* TASK DIRECTIONS *
Your response should contain only the lines running from the top of the data below through the line with "jornada de ciberseguridad.", both included. Pictures must be omitted.

* DATA EXTRACT *
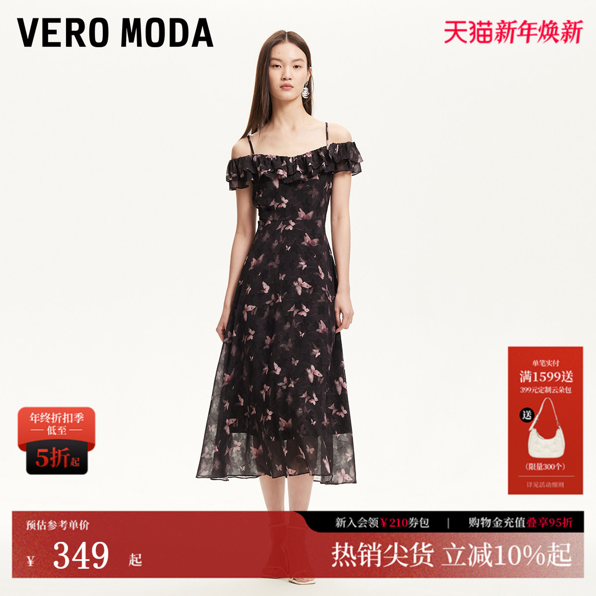 Vero Moda连衣裙2025夏季新款荷叶边蝴蝶印花长款连衣裙甜美优雅
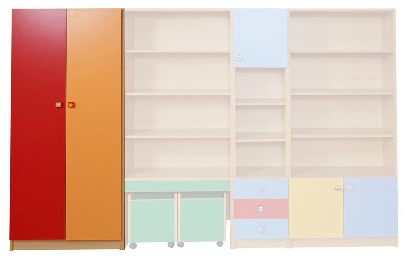A Midas kétajtós szekrény kifejezetten úgy készült, hogy zárt tárolási lehetőséget biztosítson csoportszobák, raktárak vagy speciális foglalkoztatók számára. A 90 × 180 × 35 cm méretű elem két ajtaja mögött tágas, polcos belső tér található, amely szerint egyszerűen rendszerezhetők a játékok, könyvek, eszközök vagy személyes tárgyak.
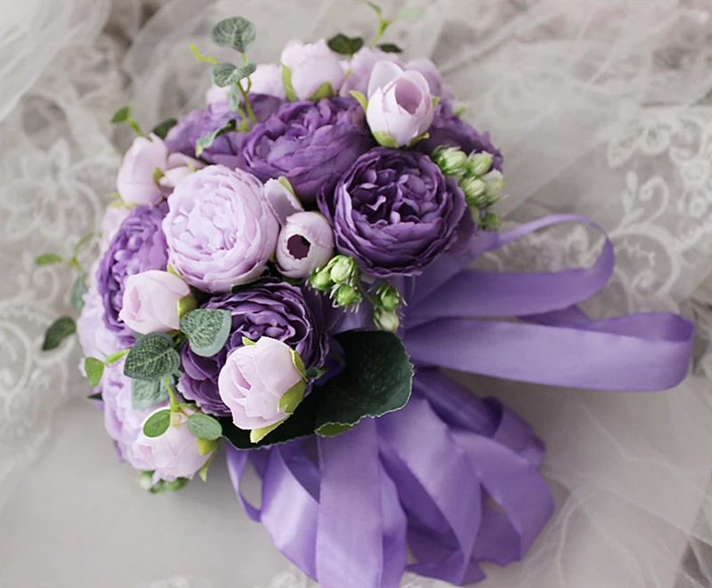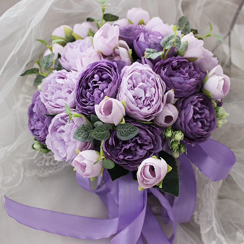 Фиолетовый пион Свадебные букеты Свадебные цветы Искусственный Свадебный букет De Mariage Роза
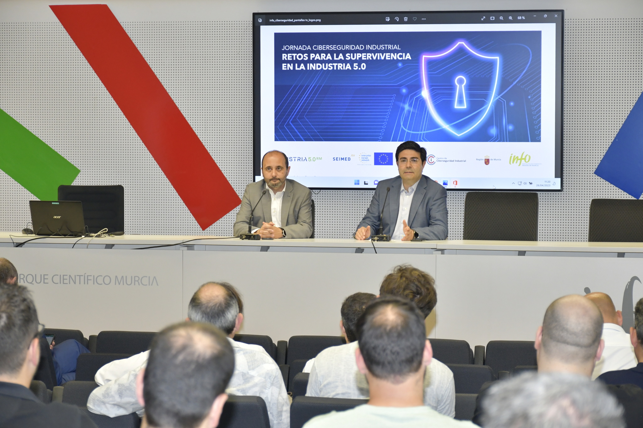 , Joaquín Gómez (i), durante la jornada de ciberseguridad.
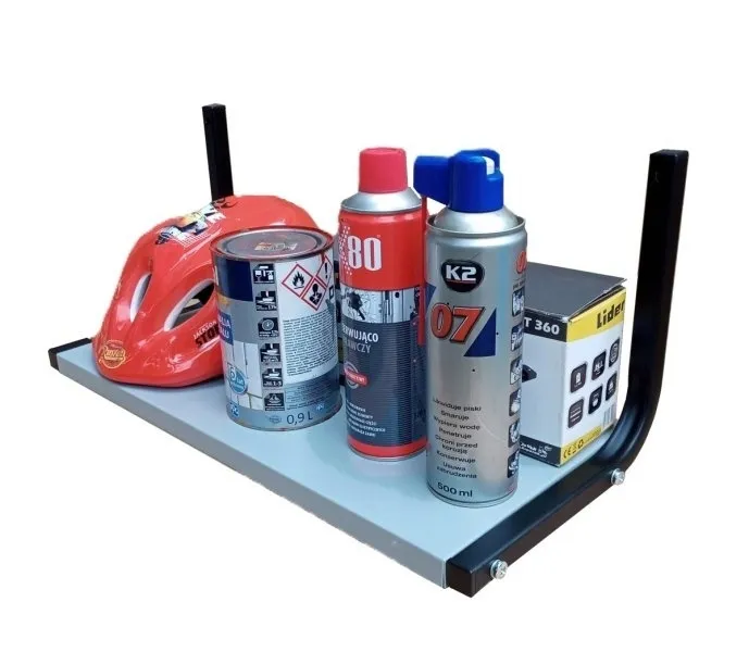 - Półka garażowa PG1MCS -Połka garażowa PG1MCS idealna do przechowywania akcesoriów garażowych ale i nie tylko. Nasza połka znajduje również zastosowanie w gastronomii, przemyśle, biurze czy szeroko rozumianym gospodarstwie domowym w tym w loftowych aranżacjach wnętrz. Wykonana z odpowiedniej grubości blachy polakierowana proszkowo na kolor srebrny mat. Dodatkowo struktura lakieru zapobiega ślizganiu się przedmiotów.Mocowana do ściany za pomocą dwóch wsporników w kolorze czarnym i dołączonego zestawu montażowego. Dzięki zastosowaniu odpowiednich materiałów nasz produkt cechuje się dużą wytrzymałością, odpornością na zarysowania a przy tym jest estetycznie wykonany.Posłuży wiele lat i zapewni porządek.- Zalety -✔ łatwa w montażu✔ zapewnia oszczędność miejsca i porządek✔ zestaw montażowy w komplecie✔ wysoka jakość w przystępnej cenie✔ sprawdzona bezpieczna konstrukcja o wysokiej nośności✔ bezawaryjność i funkcjonalność✔ estetycznie wykonana✔ solidna i wytrzymała✔ polski wyrób- Dane techniczne -✅Symbol: PG1MCS✅szerokość użytkowa: 24 cm✅długość użytkowa: 51 cm✅długość całkowita: 55 cm✅nośność: 40 kg✅waga: 2,5 kg✅kolor: srebrno-czarny mat✅producent: OBRAMET...
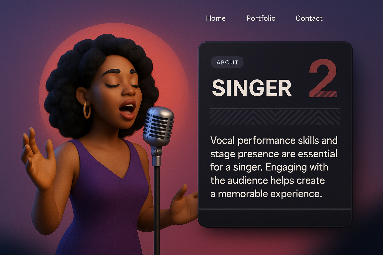 /Collection: /by davooda/Type: PNG/A 3D illustration of a singer performing with a microphone, set against a gradient background. The design includes a dark information panel with text about singing skills.
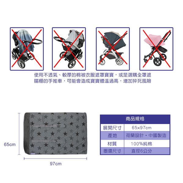 荷蘭 DOOKY - 抗UV手提汽座可調式遮陽罩-鉛灰星星
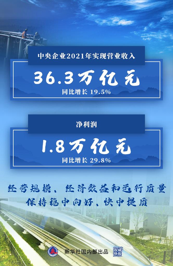 2021年,中央企業(yè)完成固定資產(chǎn)投資(不含房地產(chǎn))3.2萬(wàn)億元,同比增長(zhǎng)10.1%;上繳稅費(fèi)2.4萬(wàn)億元,同比增長(zhǎng)20%;截至去年末中央企業(yè)資產(chǎn)負(fù)債率保持在64.9%,圓滿(mǎn)完成預(yù)期目標(biāo)。
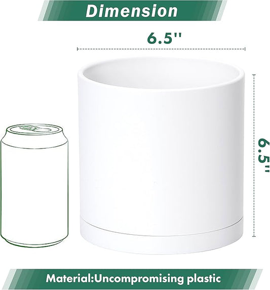 D'vine Dev 4 Pack 6.5 Inch Modern Plastic Plant Pots, Small Garden Planters for Plant with Drainage Holes and Saucers, White Color, 74-Z-L-2
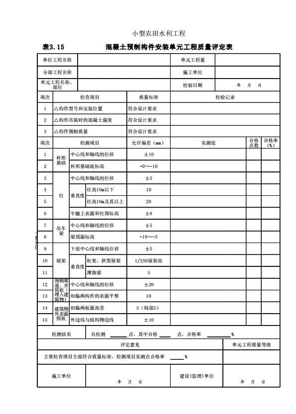 表格名称:表3.15 混凝土预制构件安装单元工程质量评定表

* EXPECTED ANSWER *
 Vero Moda连衣裙2025夏季新款荷叶边蝴蝶印花长款连衣裙甜美优雅
A Midas kétajtós szekrény kifejezetten úgy készült, hogy zárt tárolási lehetőséget biztosítson csoportszobák, raktárak vagy speciális foglalkoztatók számára. A 90 × 180 × 35 cm méretű elem két ajtaja mögött tágas, polcos belső tér található, amely szerint egyszerűen rendszerezhetők a játékok, könyvek, eszközök vagy személyes tárgyak.
 Фиолетовый пион Свадебные букеты Свадебные цветы Искусственный Свадебный букет De Mariage Роза
 , Joaquín Gómez (i), durante la jornada de ciberseguridad.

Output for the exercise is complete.